● **Task objective**: All records, exactly as written, minus the pictures: copy them out.

· · ·

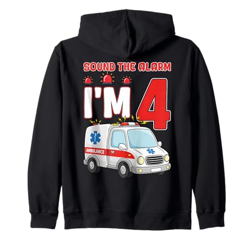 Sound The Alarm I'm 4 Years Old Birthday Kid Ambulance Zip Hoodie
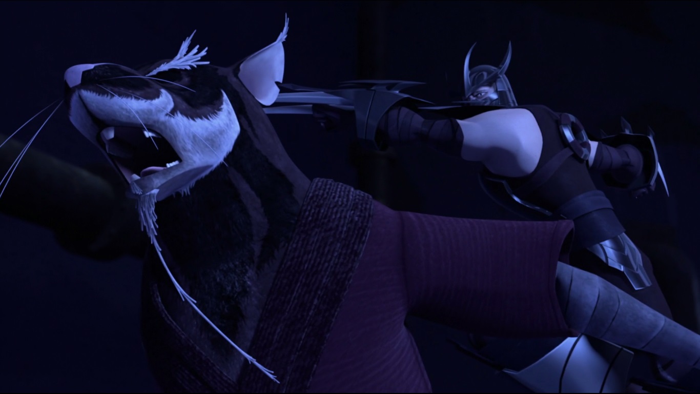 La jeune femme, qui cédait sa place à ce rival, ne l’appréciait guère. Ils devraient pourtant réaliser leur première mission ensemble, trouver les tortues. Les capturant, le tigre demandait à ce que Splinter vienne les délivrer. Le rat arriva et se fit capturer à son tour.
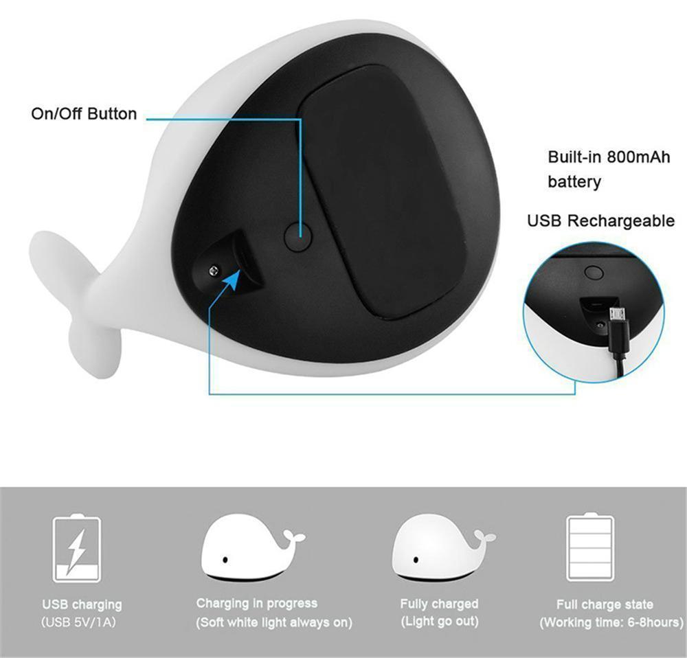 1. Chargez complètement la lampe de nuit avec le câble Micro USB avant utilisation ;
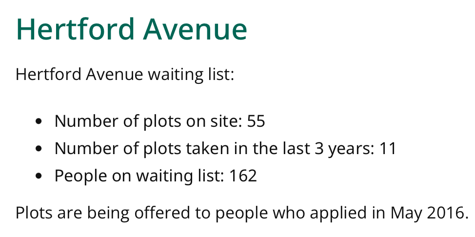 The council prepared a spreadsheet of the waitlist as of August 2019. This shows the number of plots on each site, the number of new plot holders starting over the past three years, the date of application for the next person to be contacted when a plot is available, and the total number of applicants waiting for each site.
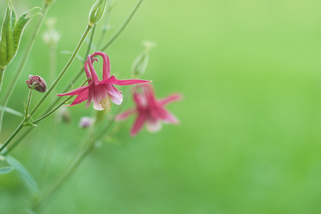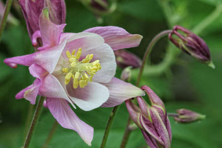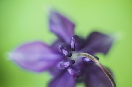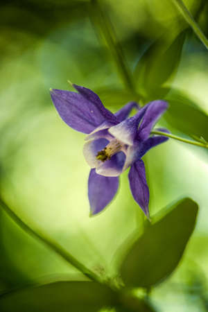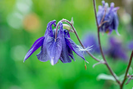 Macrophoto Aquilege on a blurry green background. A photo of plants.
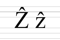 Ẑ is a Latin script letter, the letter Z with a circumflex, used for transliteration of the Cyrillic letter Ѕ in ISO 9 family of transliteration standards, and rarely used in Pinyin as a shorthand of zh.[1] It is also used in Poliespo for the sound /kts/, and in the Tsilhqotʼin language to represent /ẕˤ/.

· · ·

● **Solved problem**:
 Sound The Alarm I'm 4 Years Old Birthday Kid Ambulance Zip Hoodie
 La jeune femme, qui cédait sa place à ce rival, ne l’appréciait guère. Ils devraient pourtant réaliser leur première mission ensemble, trouver les tortues. Les capturant, le tigre demandait à ce que Splinter vienne les délivrer. Le rat arriva et se fit capturer à son tour.
 1. Chargez complètement la lampe de nuit avec le câble Micro USB avant utilisation ;
 The council prepared a spreadsheet of the waitlist as of August 2019. This shows the number of plots on each site, the number of new plot holders starting over the past three years, the date of application for the next person to be contacted when a plot is available, and the total number of applicants waiting for each site.
 Macrophoto Aquilege on a blurry green background. A photo of plants.
 Ẑ is a Latin script letter, the letter Z with a circumflex, used for transliteration of the Cyrillic letter Ѕ in ISO 9 family of transliteration standards, and rarely used in Pinyin as a shorthand of zh.[1] It is also used in Poliespo for the sound /kts/, and in the Tsilhqotʼin language to represent /ẕˤ/.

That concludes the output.